A bad night of sleep can make itself known in a myriad of unexpected ways. Perhaps one of the most interesting is the discovery that not sleeping enough seems to make you worse at identifying faces. This effect is likely more or less unnoticeable for the average person, but for someone working in a field where facial recognition is crucial, like security or policing, the effect could have serious repercussions. It also stands to reason that a person whose facial recognition capability is impaired would make a less reliable eyewitness in criminal cases.
In a study published by Royal Society Open Science, participants were assessed for sleep disorders before being shown pairs of faces: some were photos of the same face, while others were similar but different faces. Participants with insomnia were not only worse at correctly identifying which pairs showed photos of different people, but were more confident in their incorrect answers.
The experiment was then repeated with a group of well-rested people versus a group who had had less sleep than normal for a few days, but were not diagnosed with a sleep disorder.
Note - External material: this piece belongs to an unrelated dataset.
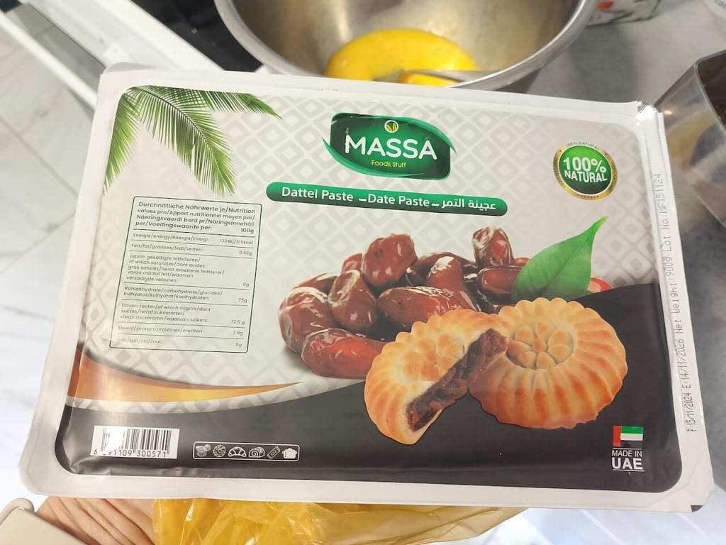 Urme možete očistiti, potopiti na 10 minuta u vrelu vodu i malo izgnječiti viljuškom ili štapnim mikserom ili još jednostavnije kupiti gotovu pastu od urmi u arapskoj radnji u Zemunu, zove se Arapski dućan ostavljam vam link: https://arapskiducan.com/en .

As expected, the poor sleep group was worse than the well-rested group at identifying faces. However, unlike the insomniac group, this group was not more confident in their wrong answers. They were not, however, any less confident in their answers than well-rested people.
The researchers noted that even though this experiment shows a correlation between poor sleep and an impaired ability to recognize faces, there may not be a direct causal link—for instance, the anxiety and mood impairments that themselves result from bad sleep may be responsible for the discrepancy. They suggested that future research on this subject should experimentally restrict sleep.
Deficits in working memory, attention, and visual perception that result from poor sleep are thought to contribute to this impairment, but the relative importance of each of these mechanisms was not measured in this study (researchers pointed to this as another potential avenue for future research). Regardless of the causal details, this study is yet another reason everyone should make sleep a priority—especially if their careers make them responsible for other people’s safety and well-being!